RECORDS:
[Start of Attachment]

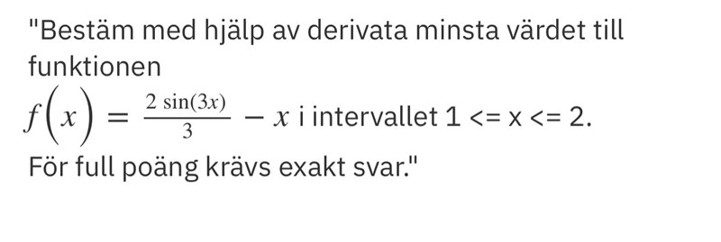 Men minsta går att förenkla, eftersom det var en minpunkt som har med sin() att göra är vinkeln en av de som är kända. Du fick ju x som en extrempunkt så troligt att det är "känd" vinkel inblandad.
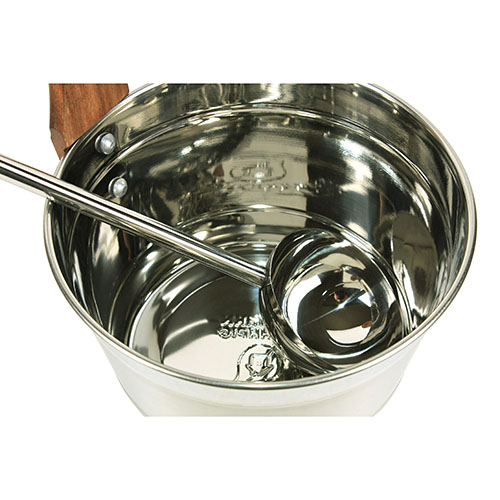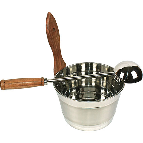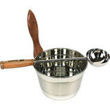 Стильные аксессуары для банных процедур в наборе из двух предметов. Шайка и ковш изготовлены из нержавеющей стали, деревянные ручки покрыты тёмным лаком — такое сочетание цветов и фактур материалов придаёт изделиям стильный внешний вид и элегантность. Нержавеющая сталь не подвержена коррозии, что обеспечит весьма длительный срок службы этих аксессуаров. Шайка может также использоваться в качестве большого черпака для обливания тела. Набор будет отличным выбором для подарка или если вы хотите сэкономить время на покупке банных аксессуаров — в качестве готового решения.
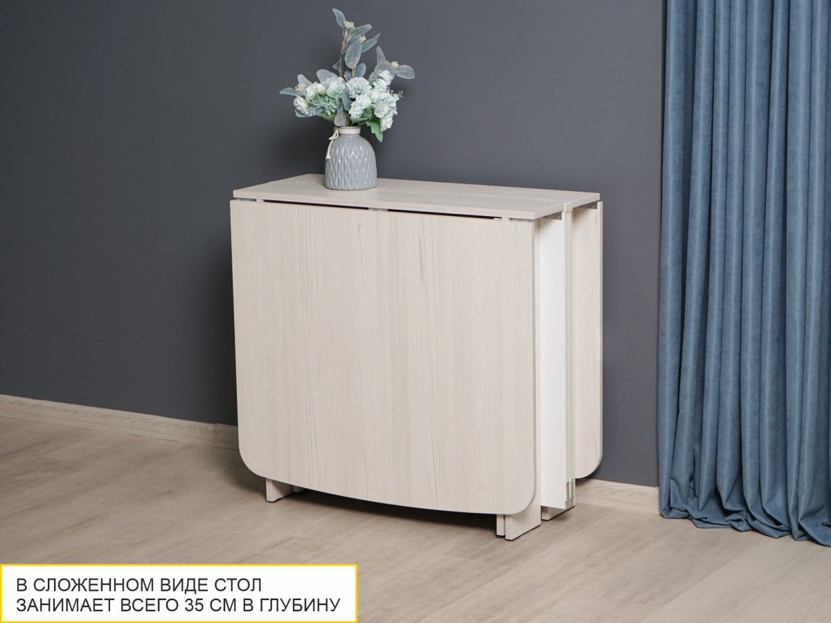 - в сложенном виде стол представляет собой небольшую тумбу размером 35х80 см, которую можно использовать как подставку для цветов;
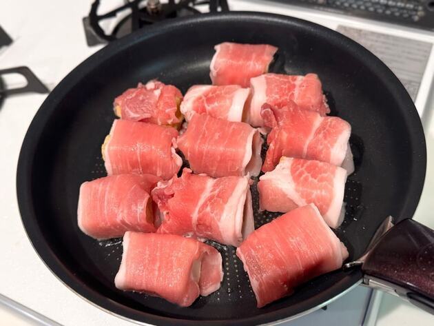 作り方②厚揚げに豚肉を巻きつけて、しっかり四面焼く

[End of Attachment]
[Start of Attachment]

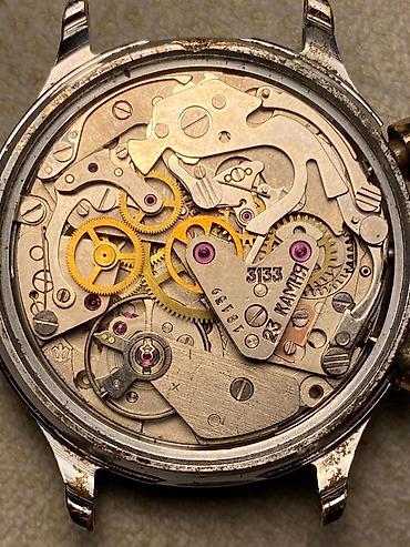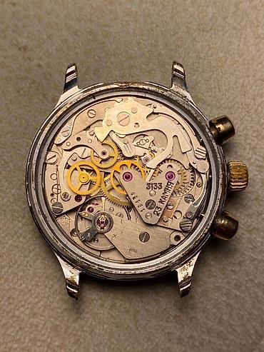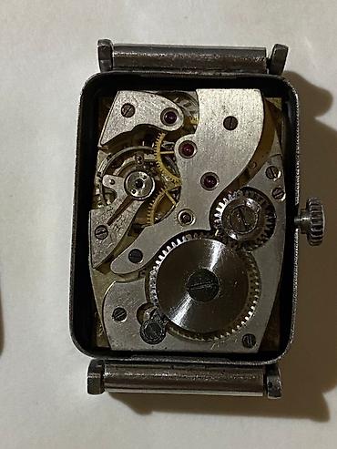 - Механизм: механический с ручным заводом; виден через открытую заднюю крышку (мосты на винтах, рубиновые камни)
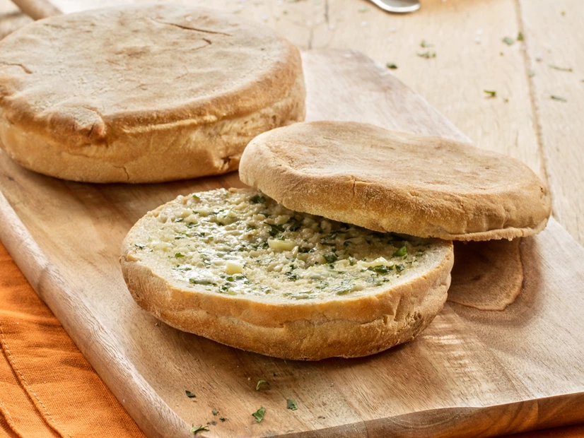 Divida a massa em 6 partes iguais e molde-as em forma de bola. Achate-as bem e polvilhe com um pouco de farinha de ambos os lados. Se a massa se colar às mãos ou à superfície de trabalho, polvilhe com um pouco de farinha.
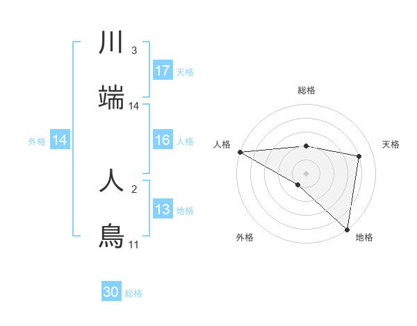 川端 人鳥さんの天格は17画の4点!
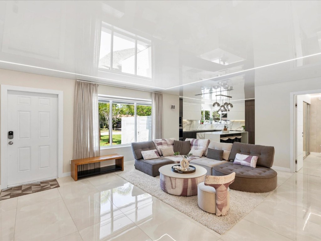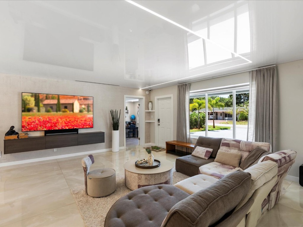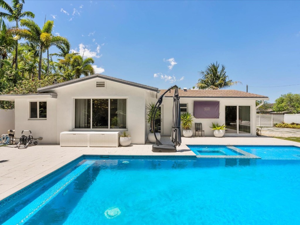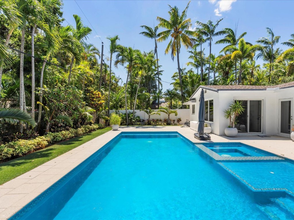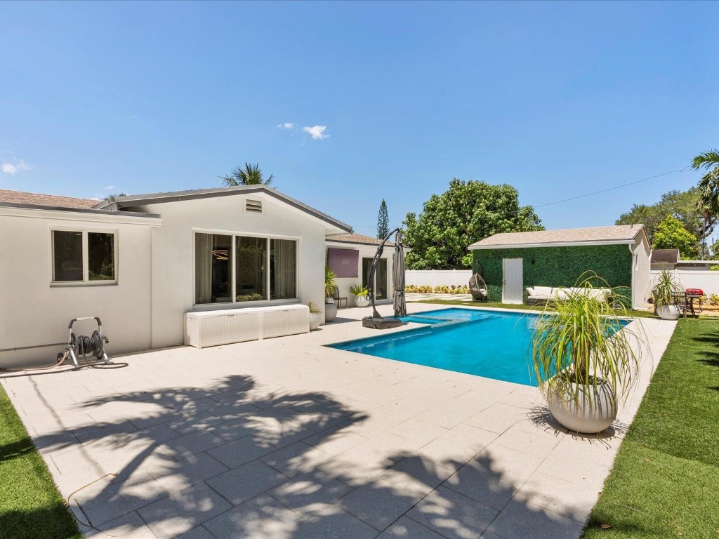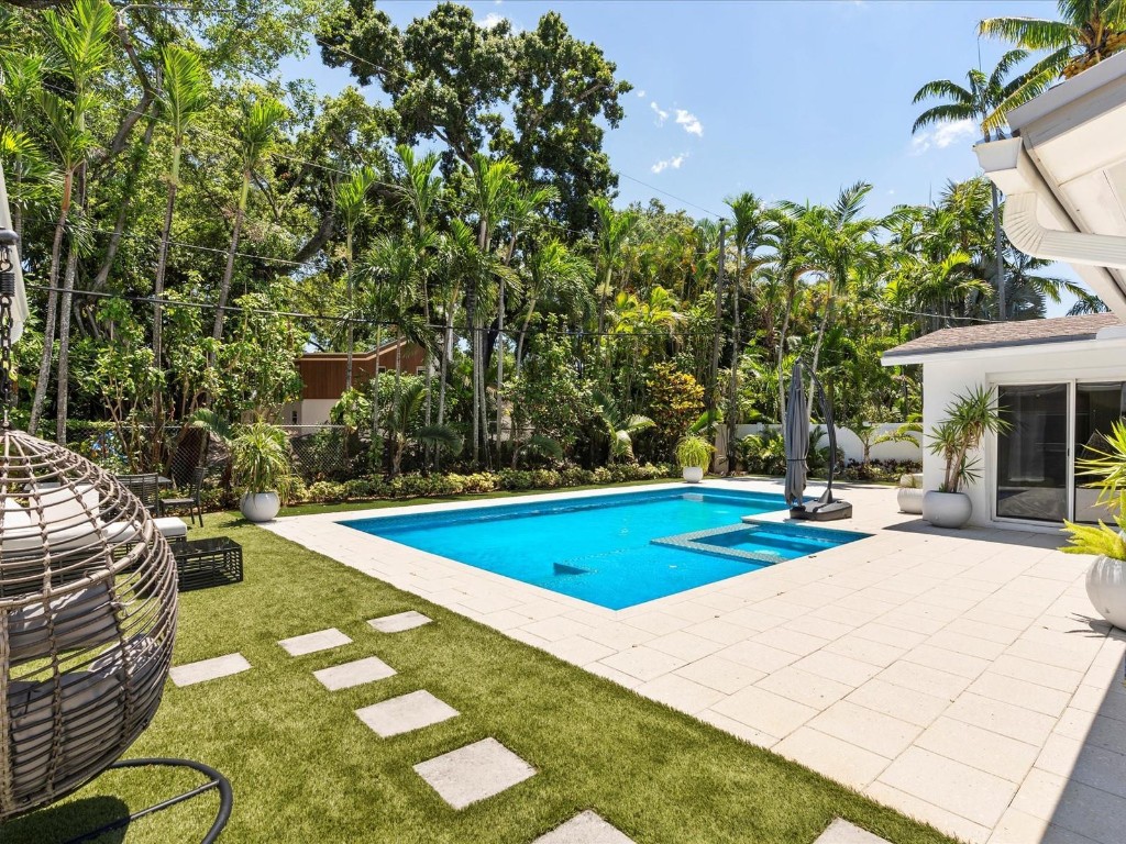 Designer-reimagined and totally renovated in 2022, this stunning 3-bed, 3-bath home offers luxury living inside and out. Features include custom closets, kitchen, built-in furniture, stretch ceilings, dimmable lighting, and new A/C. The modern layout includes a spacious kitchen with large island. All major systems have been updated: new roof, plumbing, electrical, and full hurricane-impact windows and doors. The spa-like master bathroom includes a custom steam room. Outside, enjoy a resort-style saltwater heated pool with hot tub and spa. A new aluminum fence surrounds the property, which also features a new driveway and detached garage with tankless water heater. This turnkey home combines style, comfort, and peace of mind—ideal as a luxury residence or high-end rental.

[End of Attachment]

Pictures in the entries do not go into the copy. Print only the lines starting at the one containing "- в сложенном" and ending at the one containing "作り方②厚揚げに豚肉を巻きつけて、しっかり四面焼く", exactly as they appear.

 - в сложенном виде стол представляет собой небольшую тумбу размером 35х80 см, которую можно использовать как подставку для цветов;
 作り方②厚揚げに豚肉を巻きつけて、しっかり四面焼く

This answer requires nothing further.